Influenza aviaria, bovini da latte: terzo caso umano negli Stati Uniti

Negli Stati Uniti è stato registrato il terzo caso umano di influenza aviaria legato alle infezioni dei bovini da latte. Si tratta di un altro lavoratore del settore lattiero-caseario del Michigan, che presenta sintomi respiratori. I Cdc rassicurano che il rischio per il pubblico generale rimane basso

di Redazione Vet33


Influenza aviaria, bovini da latte: terzo caso umano negli Stati Uniti

Negli Stati Uniti è stato confermato un terzo caso umano di influenza aviaria ad alta patogenicità, questa volta in un lavoratore del settore lattiero-caseario del Michigan (è il secondo dello Stato). Il soggetto ha manifestato sintomi del tratto respiratorio superiore, tra cui tosse e fastidio agli occhi, ed è attualmente in isolamento domiciliare con un trattamento antivirale. I Centers for Disease Control and Prevention (Cdc) hanno precisato che nessuno dei tre casi è collegato, mentre monitorano continuamente la situazione: per il momento hanno assicurato che il rischio per la popolazione generale rimane basso.


Il nuovo caso
Negli Usa, gli allevamenti di mucche da latte in cui è stata identificata la presenza del virus H5N1 sono saliti a 67 in 9 Stati. I Cdc hanno osservato in una nota che “data la diffusione negli allevamenti di vacche dell’aviaria non sarebbe una sorpresa se si manifestassero nuovi casi tra persone con un’alta esposizione agli animali”. 
Anche il terzo uomo contagiato, come nei due casi precedenti (uno in Texas e uno nel Michigan) è un lavoratore di un allevamento di bovini risultati infetti al virus. Il paziente in questione ha riferito sintomi del tratto respiratorio superiore, tra cui tosse senza febbre e fastidio agli occhi con secrezione acquosa; dopo la somministrazione di un trattamento antivirale con oseltamivir, è stato messo in isolamento domiciliare. I contatti familiari del paziente invece non hanno sviluppato alcun sintomo.

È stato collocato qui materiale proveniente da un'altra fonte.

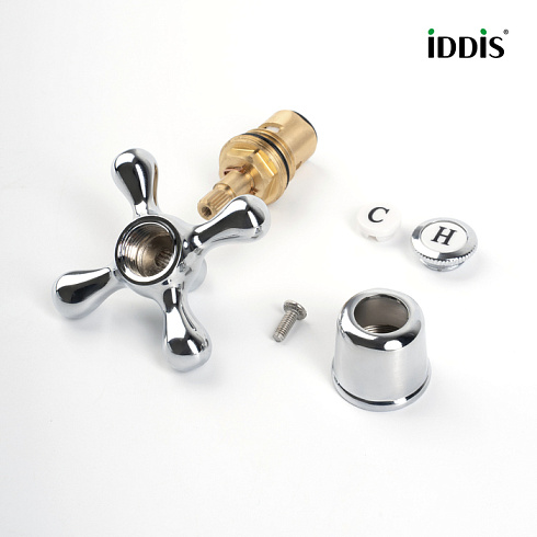 Керамическая кран-букса с универсальной сменной ручкой крестообразной формы в комплекте. Готовое решение для замены элементов управления в двухзахватном смесителе.

Il Vicedirettore dei Cdc, Nirav Shah, ha dichiarato che “La presenza di una sintomatologia del sistema respiratorio nel terzo contagio umano ci dice che il pericolo di esposizione al virus è più alto. È chiaro che se qualcuno tossisce è più facile che trasmetta il virus rispetto a chi, pur avendo contratto il H5N1, ha solo una infezione agli occhi”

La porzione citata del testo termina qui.